## RECORDED DATA
····················
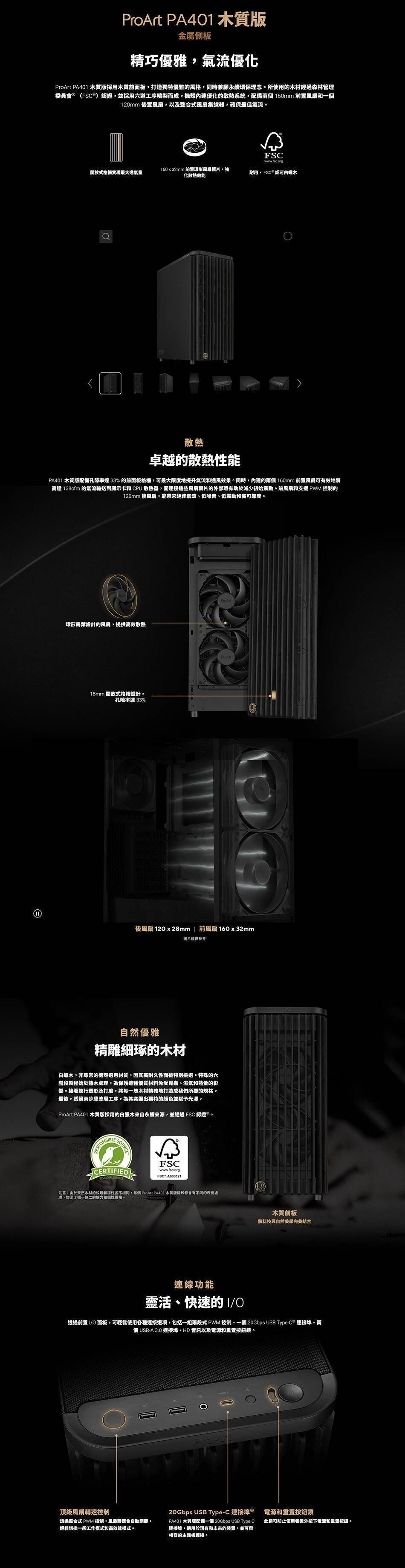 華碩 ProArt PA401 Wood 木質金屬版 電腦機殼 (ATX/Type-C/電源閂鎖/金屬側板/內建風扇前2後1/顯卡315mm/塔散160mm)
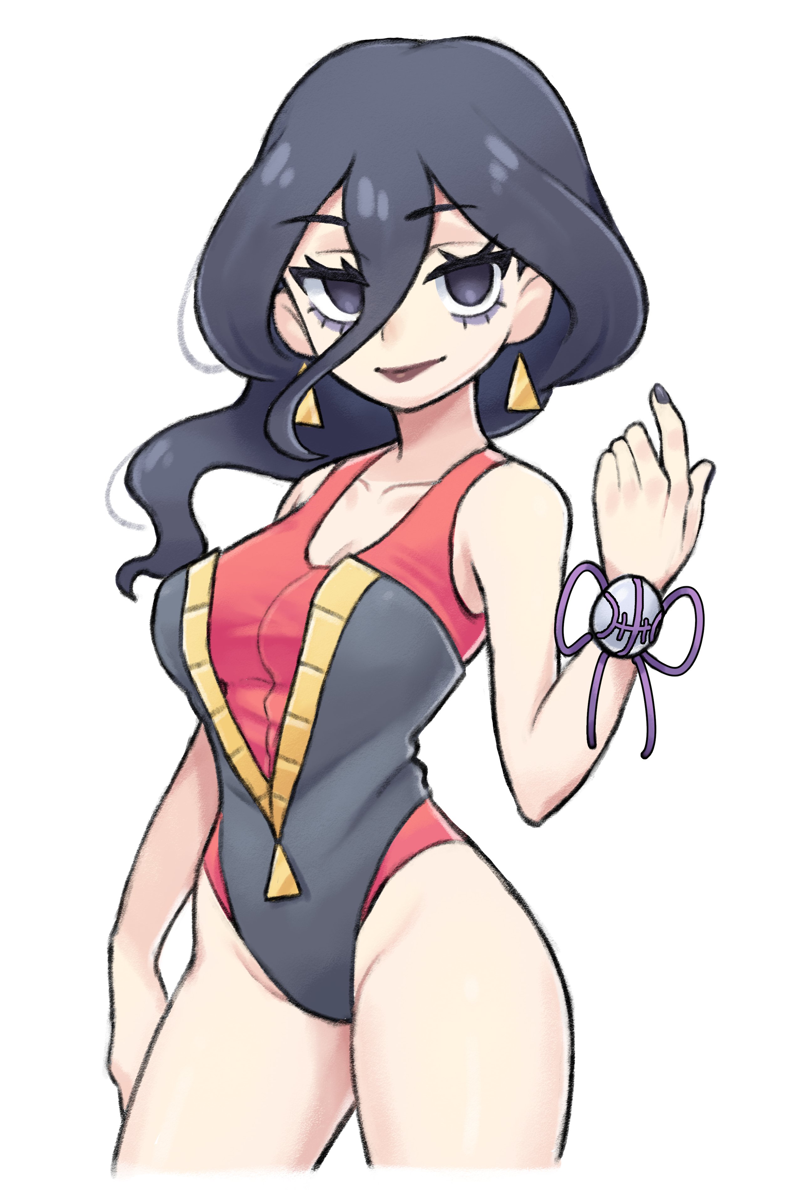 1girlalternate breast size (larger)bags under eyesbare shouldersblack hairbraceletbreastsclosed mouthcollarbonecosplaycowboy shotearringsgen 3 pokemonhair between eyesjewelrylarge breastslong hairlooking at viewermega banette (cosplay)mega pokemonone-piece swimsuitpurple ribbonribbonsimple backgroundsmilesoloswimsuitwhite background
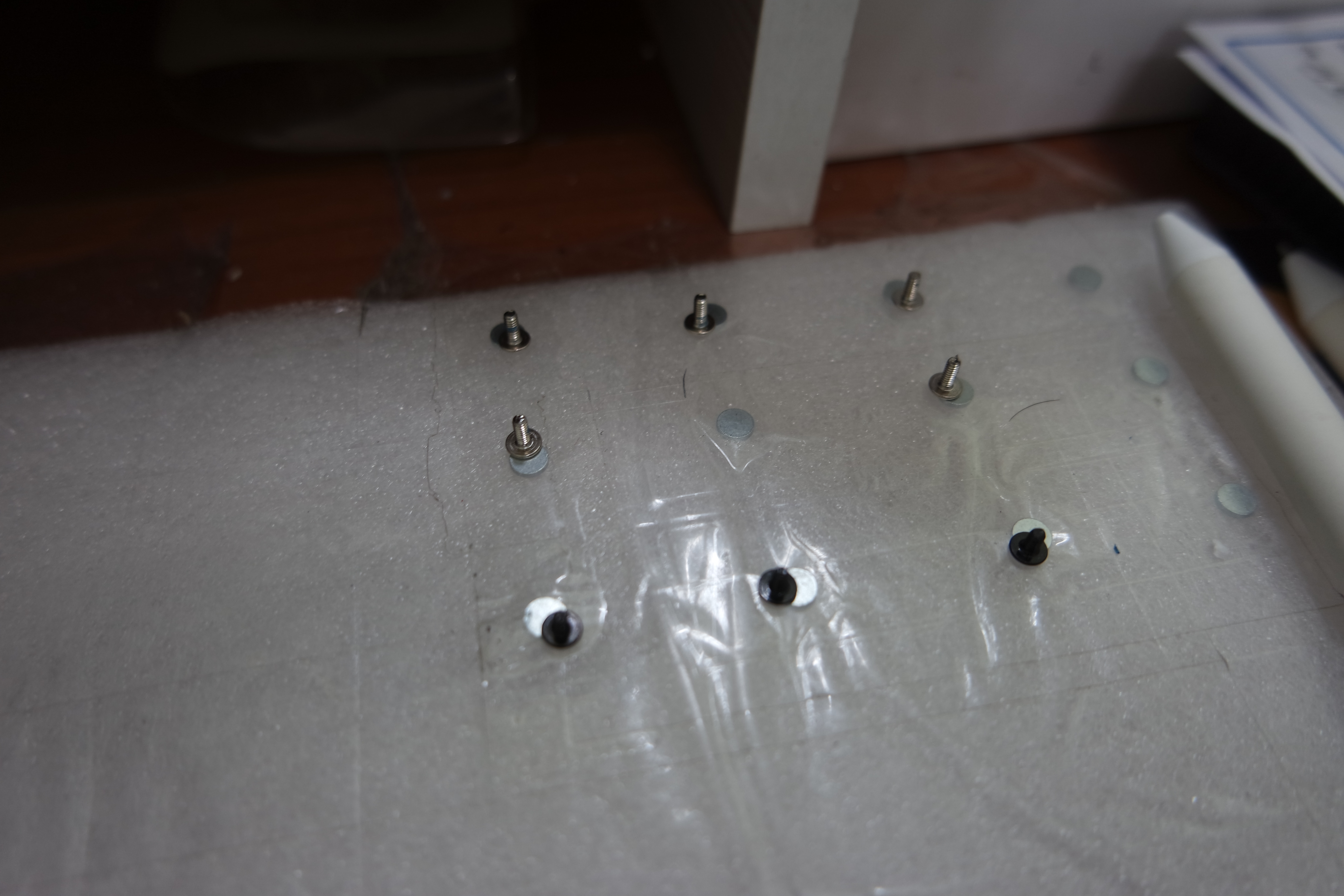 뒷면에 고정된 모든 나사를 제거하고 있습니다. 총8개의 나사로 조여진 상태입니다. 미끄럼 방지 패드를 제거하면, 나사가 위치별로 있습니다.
····················
## TASK DETAILS
Only the pictures are dropped. Otherwise, write out the listing exactly.

## TASK SOLUTION
 華碩 ProArt PA401 Wood 木質金屬版 電腦機殼 (ATX/Type-C/電源閂鎖/金屬側板/內建風扇前2後1/顯卡315mm/塔散160mm)
 1girlalternate breast size (larger)bags under eyesbare shouldersblack hairbraceletbreastsclosed mouthcollarbonecosplaycowboy shotearringsgen 3 pokemonhair between eyesjewelrylarge breastslong hairlooking at viewermega banette (cosplay)mega pokemonone-piece swimsuitpurple ribbonribbonsimple backgroundsmilesoloswimsuitwhite background
 뒷면에 고정된 모든 나사를 제거하고 있습니다. 총8개의 나사로 조여진 상태입니다. 미끄럼 방지 패드를 제거하면, 나사가 위치별로 있습니다.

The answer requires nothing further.